Path Undefined
— An undefined path of life.

Let's Talk About Clean Code

There is a very interesting phnomenon in the IT-industry. You wrote a piece of code, which you thought is deadly simple, intuitive and easy to be understood, and then you committed it, pushed it, and then you got the feedback from experienced developers saying that "it is not clean", because "you are repeating yourself, it is not DRY" or "it is the best practise to do this this and that but you are not doing it".

It seems that those "rules" and "best practises" are objective. As a junior developer, it's your duty to follow these objective rules.

In my humble opinion, this couldn't be more wrong. Each and every project, technology, environment, team, management, even the history of the project are different, how can we say there is one rule ruling them all?

I learnt programming since I was a child. I was aware of clean code not because I had read the book, neither because I had been told to do so, but rather because I found my code is not comprehensive anymore after 2 weeks of development. That's why at that time I was already aware of the basic motivation of clean code. The project should grow without taking a disadvantage of "I cannot understand it anymore" or "I cannot change it anymore" in the future, and this is still my goal nowadays behind the persuing of "clean code".

But if those "rules" and "best practises" are becoming a set of "golden rules" or "silver bullets", do they still have this motivation behind them?

I don't think so.

I have seen so many code bases, they follow a same pattern. Abstract layer over abstract layer and methods calling after methods calling. You want to change the code to fix a bug? You are welcome to modify over 20 files, and there is no garantee that you won't cause side effects, even though the test coverage is 98%. And it is exactly the time that I know, someone has persued the rule of "Don't Repeat Yourself" too much.

DRY itself has a good intention behind it, it urges people to think about abstraction of the structure. But it has been clearly overdone. There are 2 different types of repititions. One is the repitition on the surface, which means the different pieces of code looks exactly the same; and another one is the repitition of the intention, which means the different pieces of code serves the same goal (even if they don't look the same). Which part should we get rid of? For me it is clearly the second part. Because that is exactly the motivation why we want to make the abstraction. But if we are just extracting code because they "look the same", then:

  1. it is not intuitive for the reader;
  2. it is very likely, that one instance of the repitition is going to change alone, and what should we do now? We could:
    • change the abstracted part to support more different situations, then as the time goes, the abstraction will have to support thousands of different situations, which makes the code base bloated and hard to be understood;
    • change the single instance not to use the abstraction, then why we extract the code at the first place?

This is only one typical examples that I have faced in the industry, but there are more. There are too many actually, there are too many people just following the rules instead of thinking about what is the motivation behind it.

So many people are waving those words like "KISS", "DRY", "SRP", "Open-Close" like weapons to crusify the heretics, which makes me feel so tired. Not because these principles are wrong, but rather to crusify a colleague at workplace is probably the last thing that the author of those principles have ever thought about.

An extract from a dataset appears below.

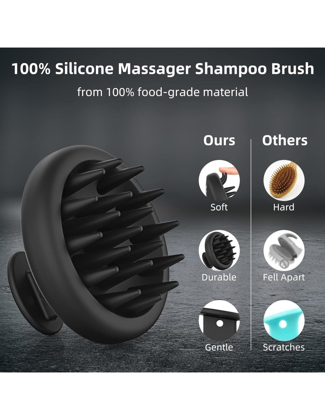 - [Cepillo de Masaje de Champú de Una Pieza] Nuestro masajeador de cuero cabelludo para la ducha está hecho de silicona 100% con un diseño de una pieza, minimizando el moho y la acumulación de agua al reducir los espacios y juntas. Esto mejora la durabilidad y elimina partes expuestas o bordes afilados, haciendo que el masajeador de cuero cabelludo sea más seguro de usar y menos propenso a dañar tu cuero cabelludo o cabello.
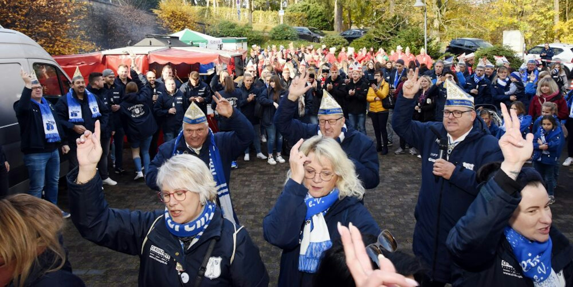 Weil das Virus vor dem Festplatz bleiben sollte, musste jeder Besucher eine Schleuse passieren, seinen 3G-Status nachweisen und zudem seine Anwesenheit protokollieren. Auf diesem Wege einigermaßen abgesichert, trat das immer noch aktuelle Dreigestirn mit Prinz Andreas Lenger, Bauer Ralf Becher und Jungfrau Andrée „Motzi“ Motzkus befreit auf und schmetterte einige seiner Hits, die es schon für seine erste Session 2019/2020 eingesungen hatte. Ihr neues Motto lautet: „Bei uns fällt die Session nicht aus, wir machen stets das beste draus.“ An neuen Tollitäten mangele es dem Verein keineswegs, erklärte KVB-Sprecherin Susanne Wurth: Für die Sessionen im nächsten und übernächsten Jahr stünden schon Kandidaten bereit. Die aber wollten nicht vorziehen und damit riskieren, in einer von Corona beeinträchtigten Session 2021/2022 zu regieren. Wenn nichts dazwischen kommt, kann sich der 416 Mitglieder starke KVB auf einige Sitzungen freuen.

To me, the best lesson that I have ever had about clean code is not being taught by a developer, but by a manager. I asked him about the situation in the company, while explaining, he has used a lot of words like interface, module and all other IT related terms. It has inspired me, because that was the first time that I have realised, actually to manage the code is just like managing a company. Probably managing code is even easier, because code doesn't play office politics.

Inspired by the idea to build the relationship between company management and programming, with a decade experience of writing code. I have summarized all those priciples into 4 simple considerations, which I have to do before writing clean code:

  1. be clear, which part of the code (which department) is doing what, and how to make different modules of the code (different departments) communicate with each other efficiently;
  2. be specific, how a task has been done (company processes), describe it in an easy way to be understood;
  3. be aware, the programmer (the process designer) who wrote the code (company process) is not the only one who needs to understand the code, because the code is not only for execution but also for communication;
  4. be open, different people have different way of thinking, discuss with logic and facts for the best solution for the situation.

According to this set of considerations, would you establish a "document stamping department", just because there is a stamp on each of the documents that the company sends out? This is actually exactly the problem that I have seen behind the source code where DRY has been overly done though.

I really hope the people in the IT-industry could be more pragmatic instead of dogmatic.